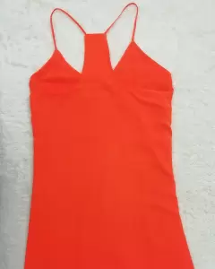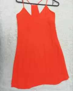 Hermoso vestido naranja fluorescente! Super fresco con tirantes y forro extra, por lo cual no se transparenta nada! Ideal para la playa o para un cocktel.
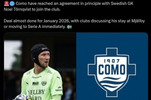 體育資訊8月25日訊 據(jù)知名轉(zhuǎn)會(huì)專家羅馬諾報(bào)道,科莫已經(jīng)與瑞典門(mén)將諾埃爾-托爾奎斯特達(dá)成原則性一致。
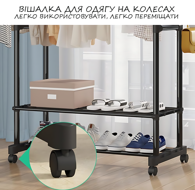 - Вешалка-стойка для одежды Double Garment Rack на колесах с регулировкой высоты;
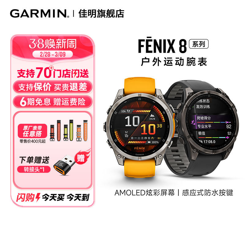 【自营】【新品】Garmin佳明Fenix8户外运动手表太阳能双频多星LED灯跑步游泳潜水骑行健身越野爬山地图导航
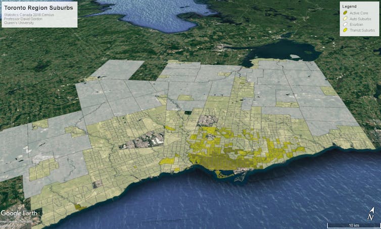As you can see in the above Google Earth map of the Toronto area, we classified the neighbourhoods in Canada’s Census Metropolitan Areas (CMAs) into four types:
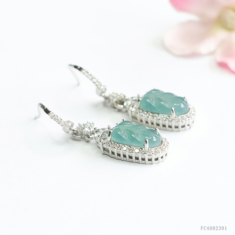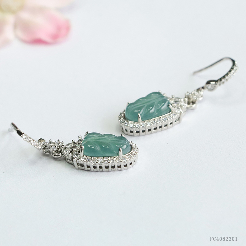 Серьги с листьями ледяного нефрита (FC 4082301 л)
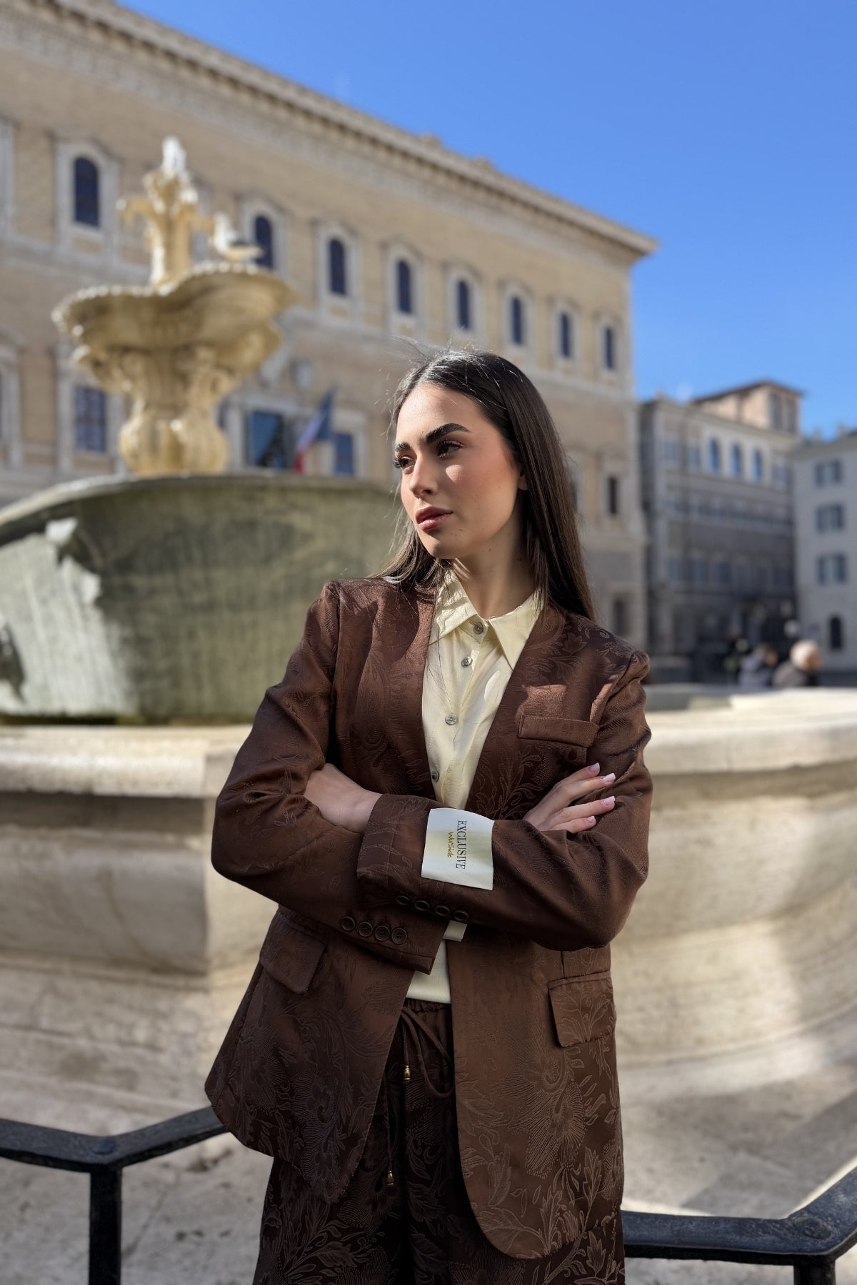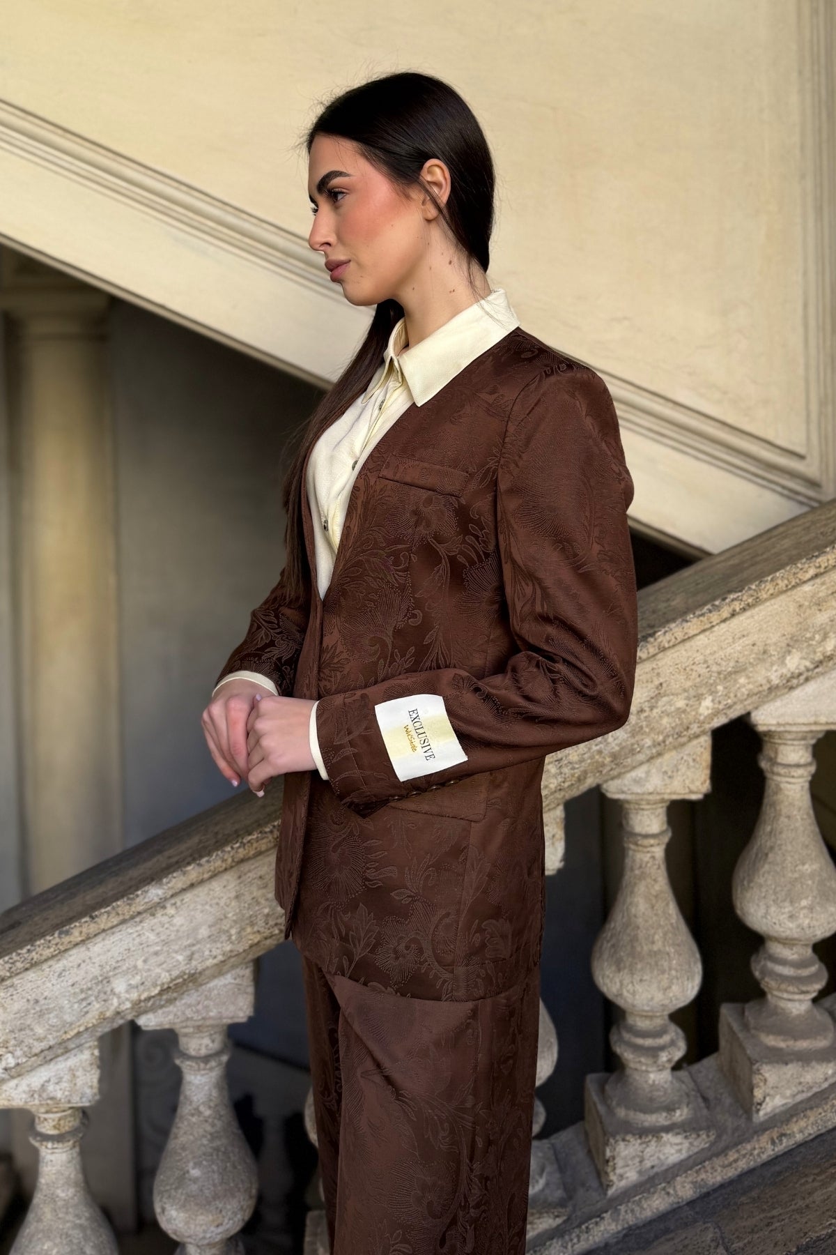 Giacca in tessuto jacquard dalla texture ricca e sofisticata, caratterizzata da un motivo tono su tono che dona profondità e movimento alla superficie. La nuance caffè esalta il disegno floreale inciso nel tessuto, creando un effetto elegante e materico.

★ ★ ★

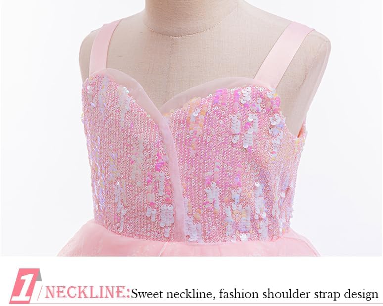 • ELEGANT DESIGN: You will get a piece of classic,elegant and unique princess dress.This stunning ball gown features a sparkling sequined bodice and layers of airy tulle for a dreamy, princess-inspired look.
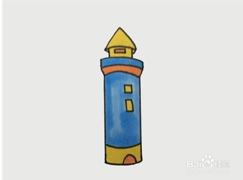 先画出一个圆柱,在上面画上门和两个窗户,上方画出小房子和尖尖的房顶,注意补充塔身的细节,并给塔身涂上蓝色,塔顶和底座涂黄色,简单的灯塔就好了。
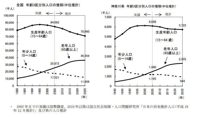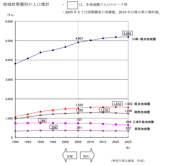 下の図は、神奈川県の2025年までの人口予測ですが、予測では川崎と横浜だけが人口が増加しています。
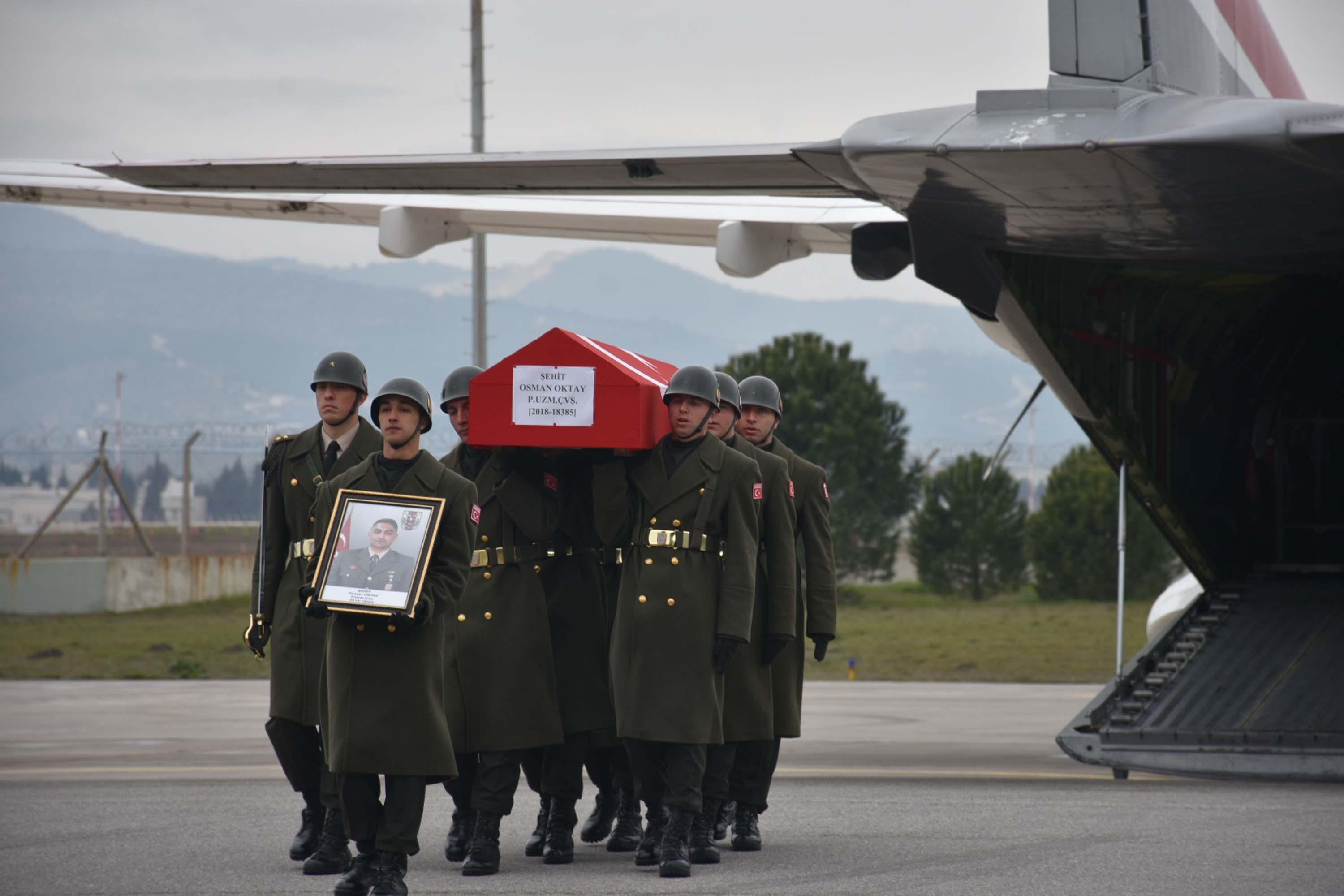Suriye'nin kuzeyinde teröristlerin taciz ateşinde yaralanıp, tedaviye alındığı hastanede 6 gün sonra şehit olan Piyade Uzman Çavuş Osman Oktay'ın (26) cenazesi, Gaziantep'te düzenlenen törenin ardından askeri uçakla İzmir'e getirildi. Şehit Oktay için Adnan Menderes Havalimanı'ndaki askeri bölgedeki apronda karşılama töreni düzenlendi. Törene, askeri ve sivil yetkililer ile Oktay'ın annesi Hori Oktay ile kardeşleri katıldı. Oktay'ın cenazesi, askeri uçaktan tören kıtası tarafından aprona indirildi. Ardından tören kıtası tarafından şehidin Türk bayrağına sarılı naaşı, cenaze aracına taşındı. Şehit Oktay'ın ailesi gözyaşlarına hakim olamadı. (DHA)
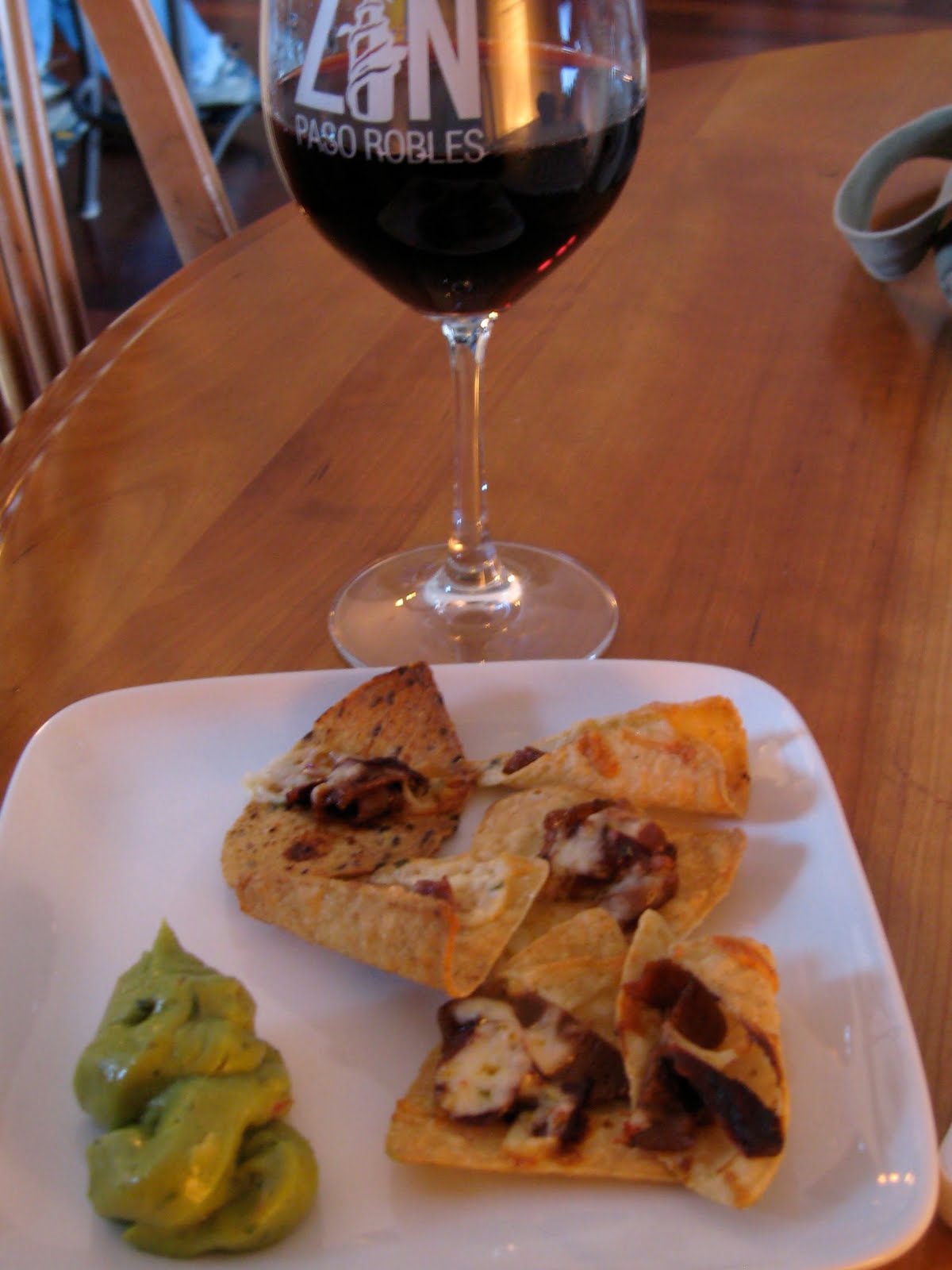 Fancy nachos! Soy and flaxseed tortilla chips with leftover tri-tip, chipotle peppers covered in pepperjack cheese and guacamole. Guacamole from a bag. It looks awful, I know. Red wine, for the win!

★ ★ ★

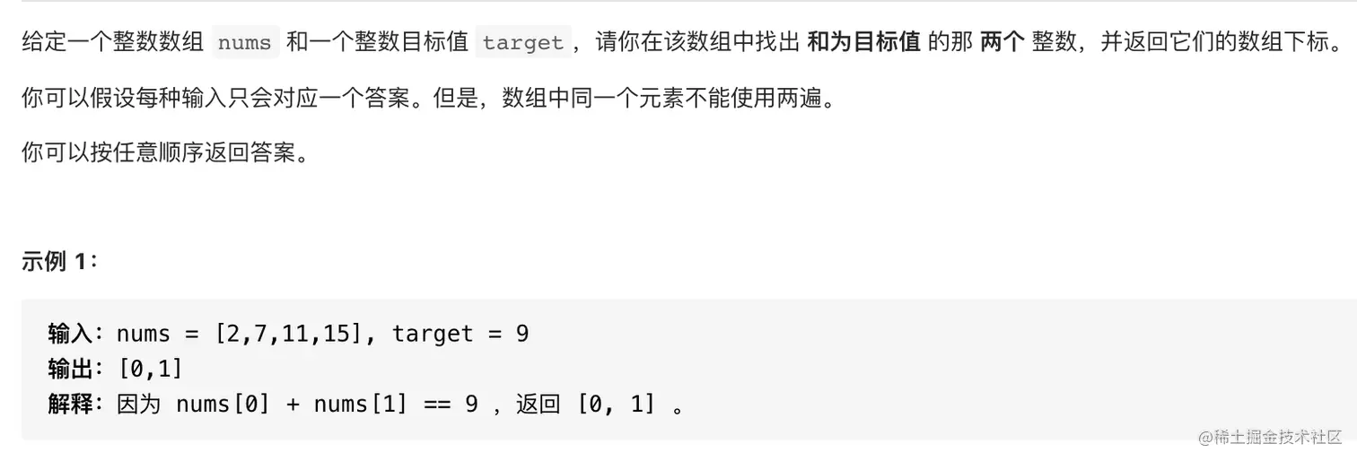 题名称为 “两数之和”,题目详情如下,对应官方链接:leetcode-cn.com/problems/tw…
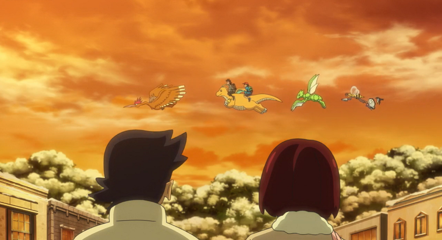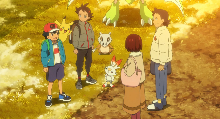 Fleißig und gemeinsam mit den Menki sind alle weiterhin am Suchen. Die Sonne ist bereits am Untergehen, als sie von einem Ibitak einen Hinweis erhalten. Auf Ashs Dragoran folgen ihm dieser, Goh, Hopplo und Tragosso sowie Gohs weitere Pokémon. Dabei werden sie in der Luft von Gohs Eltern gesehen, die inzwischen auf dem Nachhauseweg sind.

★ ★ ★

→ **What to produce**
Leave the pictures out. Output, exactly, the lines of the material above starting at the line containing "Hermoso vestido naranja" and ending at the line containing "體育資訊8月25日訊 據(j".

→ **Result below**
 Hermoso vestido naranja fluorescente! Super fresco con tirantes y forro extra, por lo cual no se transparenta nada! Ideal para la playa o para un cocktel.
 體育資訊8月25日訊 據(jù)知名轉(zhuǎn)會(huì)專家羅馬諾報(bào)道,科莫已經(jīng)與瑞典門(mén)將諾埃爾-托爾奎斯特達(dá)成原則性一致。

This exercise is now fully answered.